2.4 Description and validation of centrosome-related subtypes

The 788 genes extracted from the blue module were intersected with the differential expressed genes (DEGs) of the TCGA cohort, 351 genes were analyzed by univariate Cox regression analysis, and prognostic genes were identified with the criterion of P < 0.05. Based on the 296 prognostic genes, unsupervised cluster analysis was performed using the “K-means method” in the “ConsensusClusterPlus” R package. Cumulative Distribution Function (CDF) and Consensus Heatmap were used to evaluate the optimal K-value of 2. Survival analysis was performed after clustering to determine the effect of clustering on prognosis. Principal component analysis (PCA) was performed on subgroups to determine differences between samples. In addition, additional validation was performed in the GSE31210 and GSE50081 cohorts.

2.5 Functional enrichment analysis

“limma” package for analyzing DEGs between high and low-risk groups [25], with the thresholds set at False Discovery Rate (FDR) < 0.05 and |log2 (Fold Change) |> 1. GO and KEGG pathway enrichment analysis was performed using the “clusterProfiler” R package [26]. Gene Set Enrichment Analysis (GSEA) was used to explore altered biological processes for centrosome-related prognostic signatures. “PROGENy” R package was used to assess 14 signaling pathway activities (androgen, estrogen, EGFR, hypoxia, JAK-STAT, MAPK, NFkB, PI3K, p53, TGFb, TNFa, Trail, VEGF and WNT) in patients [27].

2.6 Gene set variation analysis (GSVA)

We investigated the variation of biological processes between the two clusters using the ssGSEA and GSVA algorithms in the R package “GSVA”. Clear biological features were obtained from the Hallmark gene set (h.all.v2023.1.Hs.symbols) and the gene set constructed by Mariathasan et al. (from the IMvigor210CoreBioologies package) [28]. The gene set “c2.cp.kegg.v7.4.symbols.gmt” was also downloaded from MSigDB as a reference gene set.

2.7 Assessment of the immune infiltration microenvironment

XCELL, MCPCOUNTER, CIBERSORT, TIMER, EPIC, QUANTISEQ, and IPS algorithms for immuno-microenvironmental quantification using the R package “IOBR” [29]. Single-sample gene enrichment analysis (ssGSEA) was introduced to quantify the relative infiltration of 28 immune cell types in the TME, with unique combinations of characteristic genes for each immune cell subtype taken from the most recent literature. Immunophenoscore (IPS), a machine learning algorithm from The Cancer Immunome Atlas (TCIA), was used to quantify the relative infiltration of the 28 immune cell types in the TME [30], which is used to quantify the IPS score of LUAD patients based on their transcriptional profiles, indicating response to immunotherapy. The Tumor Immune Dysfunction and Exclusion (TIDE) algorithm is also used to assess a patient’s response to immunotherapy [31].

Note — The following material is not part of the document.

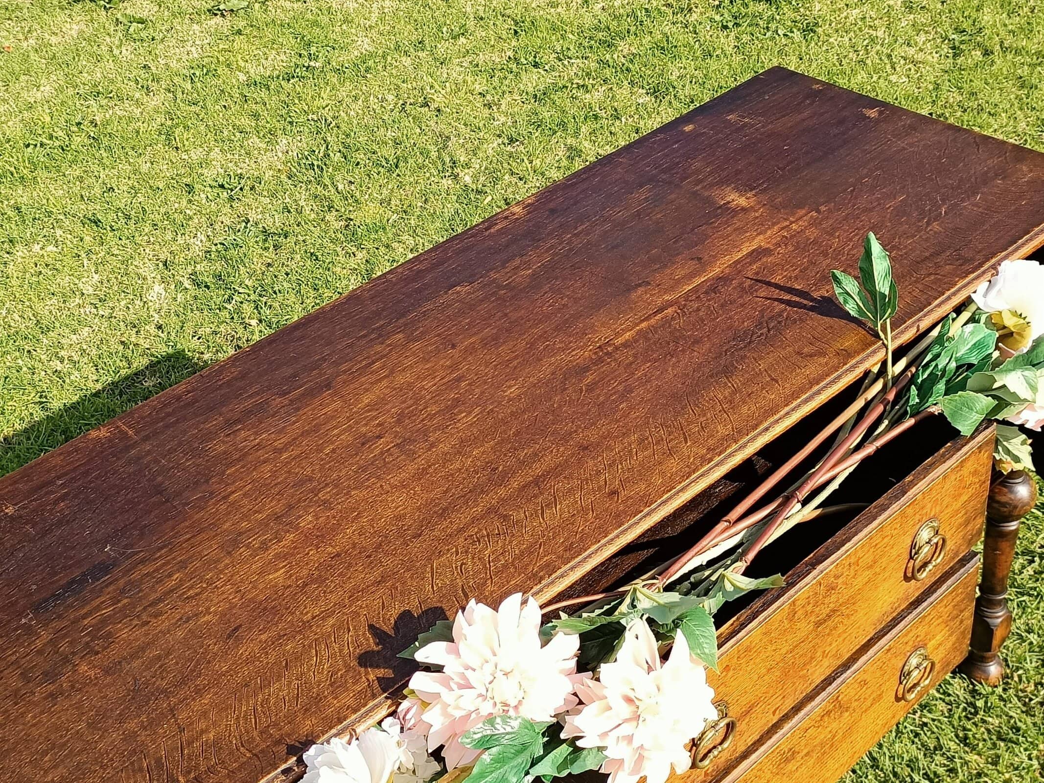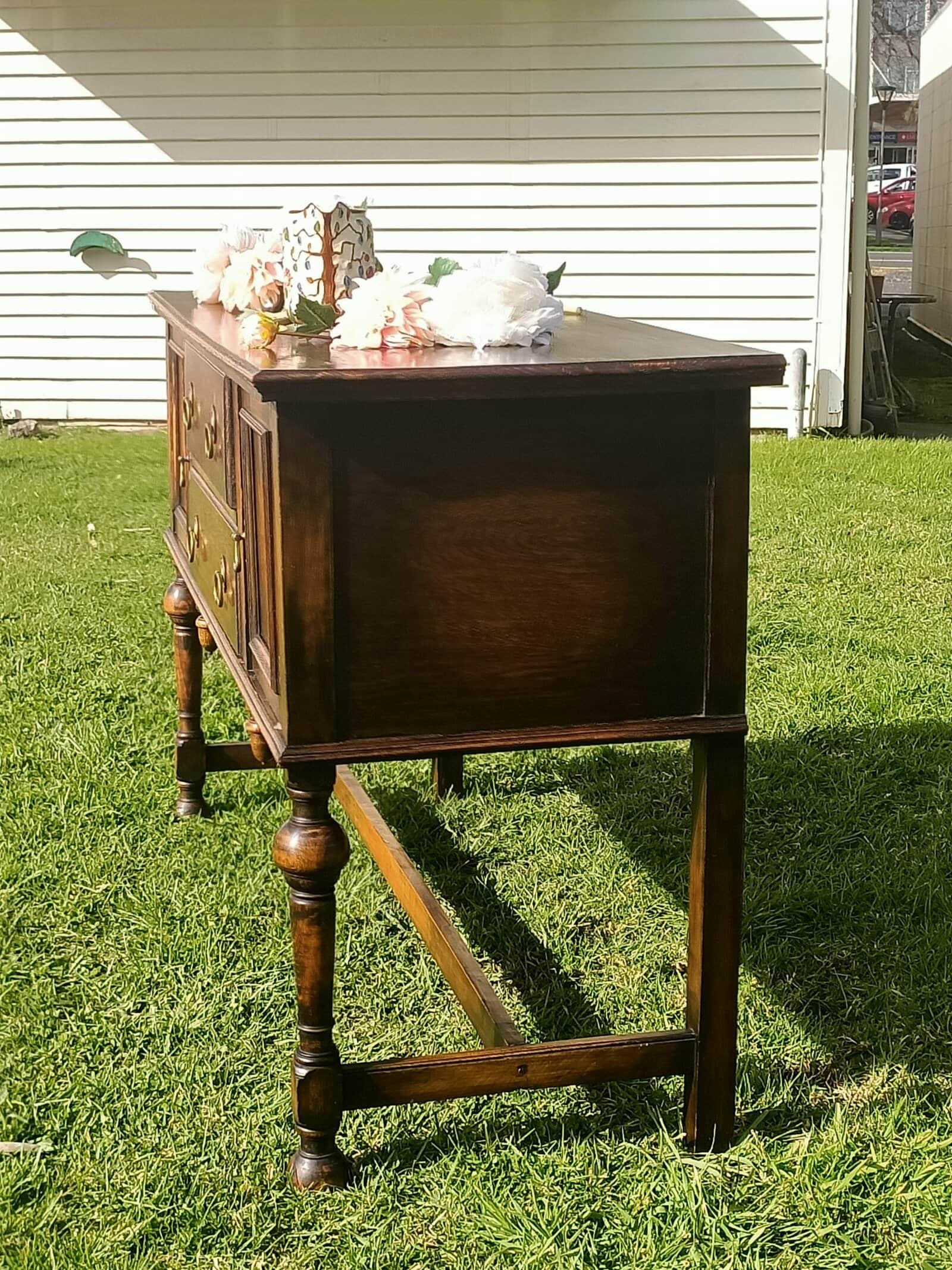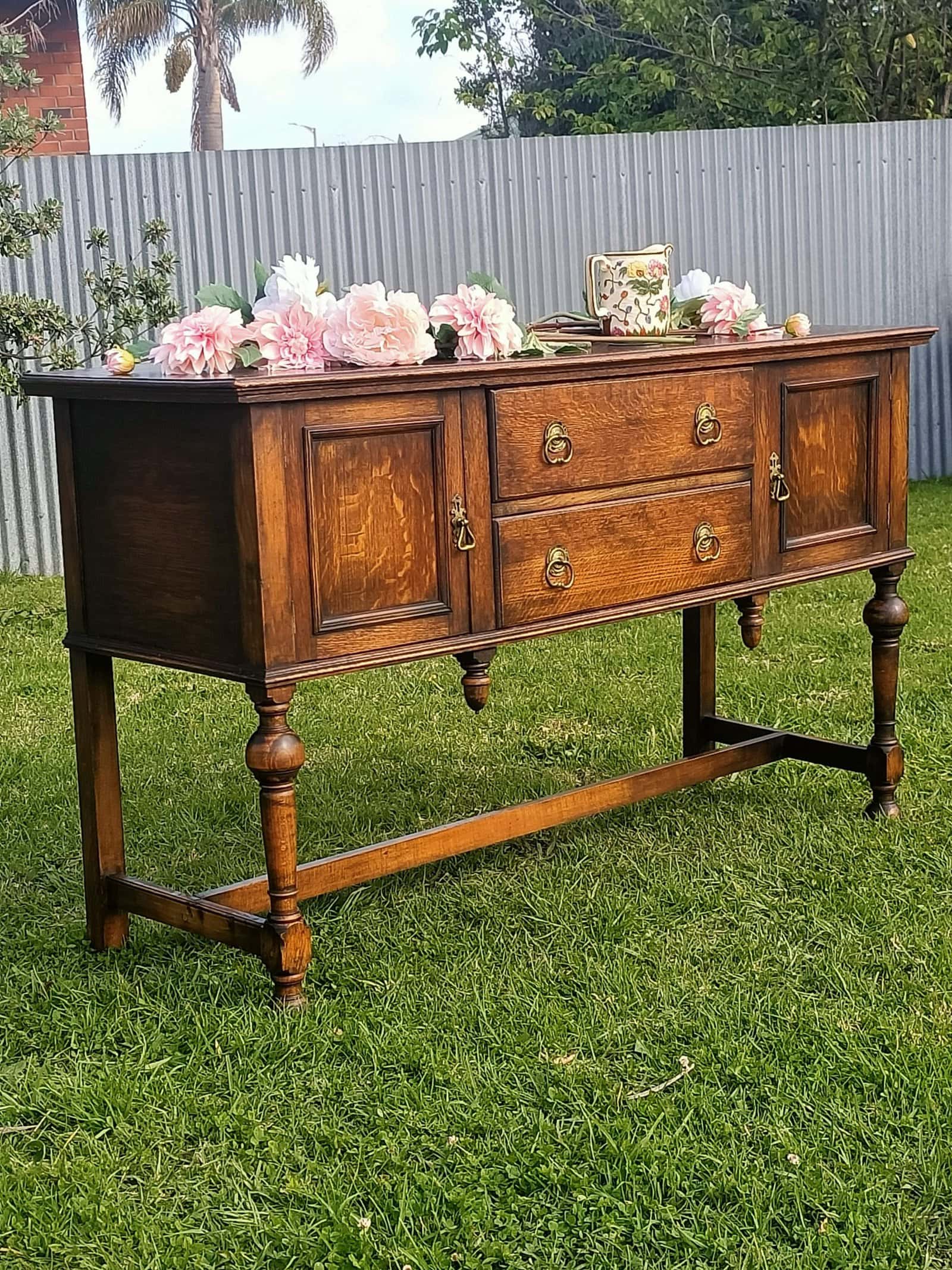 Looking for a hall table, or a tv table or something to look great and hide the crap in? Does this milky fudgy coloured, English oak dresser base do the trick? Simple door panels, up on turned front legs and stretched. Two cupboards two drawers. Earthy n smart. Really good condition, a little patina of scratches here and there, clean. Circa 1920.

2.8 Construction and validation of centrosome-related prognostic risk profiles

To further investigate the prognostic value of CRGs for LUAD, centrosome-related prognostic characteristics were determined by Lasso analysis and stepwise multivariate Cox regression analysis. The CRS for each LUAD patient was then calculated based on the risk coefficients and LUAD expression profiles obtained in the multivariate Cox regression analysis, using the formula: CRS= − 0.653 * DBF4 + 0.201 * ANLN − 0.274 * MCM2 + 0.352 * GNPNAT1 + 0.251 * SRM + 0.369 * LDHA + 0.159 * UCK2 + 0.226 * CCT6A + 0.229 * MELTF + 0.206 * RCCD1. Subsequently, we used LUAD patients from the TCGA cohort as the training set and the GSE31210, GSE50081, GSE72094, and GSE3141 datasets from the GEO database as the validation sets. Based on the median risk score, we divided LUAD patients into two groups: low-risk and high-risk. The receiver operating characteristic (ROC) analysis was performed using the “timeROC” R package to analyze the predictive performance of risk characteristics.

2.9 Risk characterization and nomogram construction

To construct a nomogram model for clinical use, we first performed univariate and multivariate Cox regression analyses of clinicopathologic and risk characteristics. A nomogram was constructed based on clinical characteristics and risk scores to predict LUAD prognosis using the “rms” package. Calibration curves were generated to assess the predictive accuracy of the models. The reliability of the model was assessed using decision curve analysis (DCA).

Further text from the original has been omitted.